Alan Slingsby visits Brixton’s latest office space offering – designed by Squire and Partners architects to complement their existing presence in the centre of town
While Brixton is in a state of constant change, that change does not have to be brutal, nor alien to local traditions and settings.
Squire and Partners’ Department Store headquarters, at the junction of Ferndale and Brixton Roads, and their Canova Hall and Cattivo food and drink outlets, all use existing buildings.
Restored with some of the glamour and opulence that their original builders intended, they also give more than passing recognition to the squatters, anarchists and artists who occupied them when Brixton was less fashionable.
However, Squires’ latest local building, separated from the original Department Store by a shared courtyard, is new from top to bottom.
Housing The Department Store Studios and a restaurant, it is designed successfully both to fit with its surroundings and to echo or complement nearby construction techniques.
The restaurant also continues the theme of displaying some of the art discovered when the main Department Store building was recreated.
Unseen from the outside are the massive wooden pillars that support the building’s five storeys, which drop to three to be nearer the height of terraced housing on the Bellefields Road frontage.
Made from prefabricated cross laminated timber (CLT), the pillars replace steel or concrete and are part of an overall drive for sustainability in the new building.
CLT is made from renewable wood, so absorbs carbon dioxide and does not require the burning of fossil fuels during production.
The structural frame also provides in-built soundproofing, fire safety properties and airtightness, Squires say.
The exterior of the building is brick, but with a remarkable texture created by half bricks – each broken by hand – protruding from the façade.
Exposed brick and untreated wood made up much of the interior.
Some 120 square metres of green roof and planted terraces should enhance local biodiversity, and 28 photovoltaic panels create renewable energy on site.
And, while air-conditioning is installed, all of the building’s windows open, making it less likely to be needed on a regular basis.
Local fabric artist Isabel Fletcher has designed hangings for rooms in The Studios that both act as mood-influencers and improve acoustics.
She is one of several creatives to contribute to the overall feel of the building.
The atmosphere is further enhanced by great views of Brixton and beyond, as well as close-up ones of Russell the oak tree in the courtyard and West Side Story style fire escapes.
The Studios are designed for growing local businesses with flexible workspaces – from individual desks to private studios – and serviced social and meeting areas.
The fourth floor is designed for a single occupant with up to 70 staff.
One of the industries that Squires are looking at to use that space is medical research, an expanding feature of the Brixton economy.
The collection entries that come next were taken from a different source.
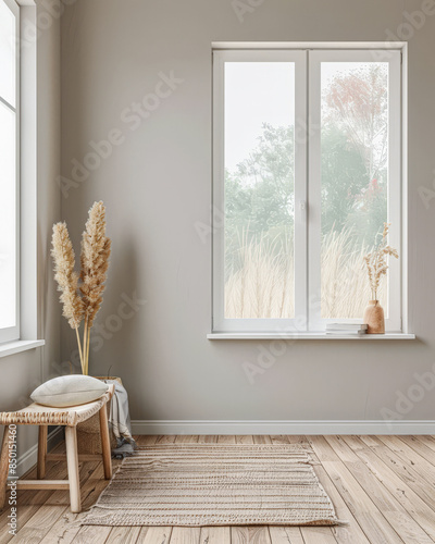 Window in an empty room of an apartment lighting the scene. Interior design composition with minimal furniture and copy space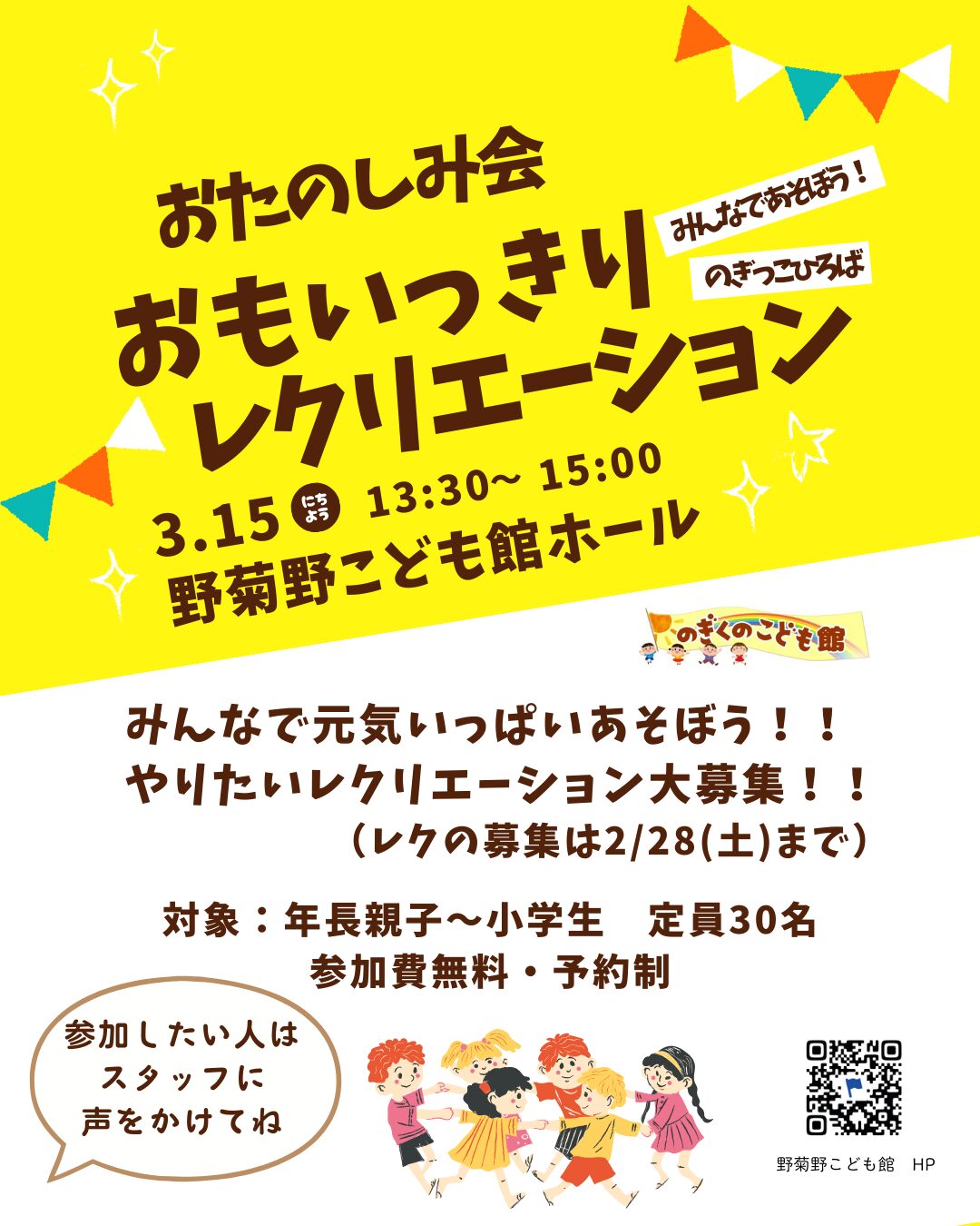 ☆レクリエーションの募集は2/28(土)まで受付中☆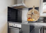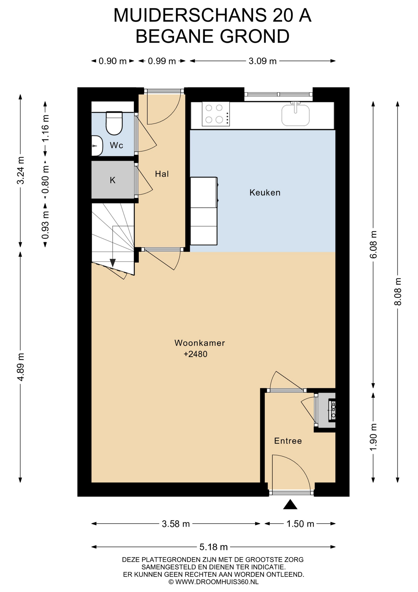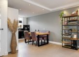 Indeling: entree/hal met meterkast, gezellige woonkamer met (kleinere) trapkast en aansluitend de keuken welke is voorzien van inbouwapparatuur: keramische kookplaat, afzuigkap, vaatwasser, koelkast, oven en combi-oven. Een tweede hal met trapopgang, praktische inbouwkast en toilet. Hier bevindt zich tevens de toegang tot de achtertuin. Begane grond voorzien van ‘strakke’ vloerafwerking met vloerverwarming.

Not surprising with three top teaching hospitals – King’s College, St Thomas’ and Guy’s – only a bike ride away.
Each year, The Studios plan to offer a residency scheme for young entrepreneurs and a programme of events to share skills, inspire creativity and expand local networks.
The Studios have a 16-seat screening room which, when it is completed, will be available to local organisations. One of the first will be Louisa Payne of the Brixton Wine Club – a runner-up in the competition for this year’s residency scheme.
For local entrepreneurs at the start of their career, the restaurant and bar will, like Canova Hall, offer day passes for, people who want to sit and use the wifi and coffee.